NickyKiss wrote:
Hard to say if there is much talk of it on the Sky coverage as I've been at the games but there seems so little talk across the game about a potential Grand Slam. I think the desperation to see a new name on the Grand Final trophy is just knocking it in to the long grass. I know a couple of Leeds legends were bowing out in 2015 but we heard nothing else all season apart from them going for a treble and this would be a bigger achievement, with it including a win over an Australian side many say are one of, if not the best NRL team of all time.
Make no mistake, these Wigan players need to win 2 games to put themselves right up there with some of the best achievements the game has seen. Opportunities like that do not come around very often, if ever.

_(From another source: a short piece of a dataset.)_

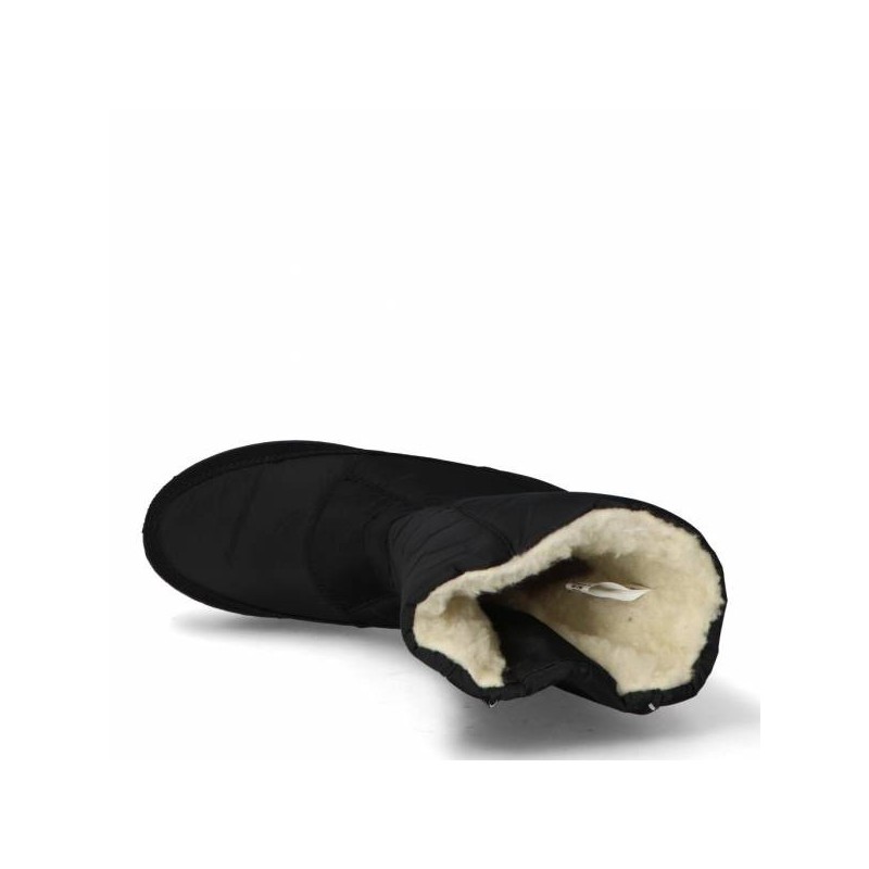 Cholewka wykonana z trwałego materiału tekstylnego charakteryzuje się odpornością na wilgoć i łatwością w pielęgnacji. Klasyczny czarny kolor oraz nowoczesny design sprawiają, że śniegowce są uniwersalnym wyborem, który pasuje do wielu zimowych stylizacji. Ich wysoka konstrukcja chroni nogi przed wiatrem i śniegiem, zapewniając jednocześnie wygodę ruchu.

The problem I have with this is that there SHOULDN'T be a desperation to see a new name on the trophy. This is the age-old problem with the British RL commentariat. They don't seem to realise that their job is to report what's happening in front of them, not sulk if a club they don't like wins a trophy or if a club they do like doesn't. Even getting upset because "it's not good for the game if one team wins everything" is an abrogation of their duty to impartial journalism - but it also encourages a widespread belief that one club soaring above the others is somehow unworthy of praise.
At present, Wigan's potential completion of the Grand Slam is by far the biggest story in the British game, but you wouldn't have known it from last night's coverage. Talk about subdued. Do they want great teams to shine and show the way, or is everyone playing at the same okay-to-average level a price worth paying so long as different names appear in silver?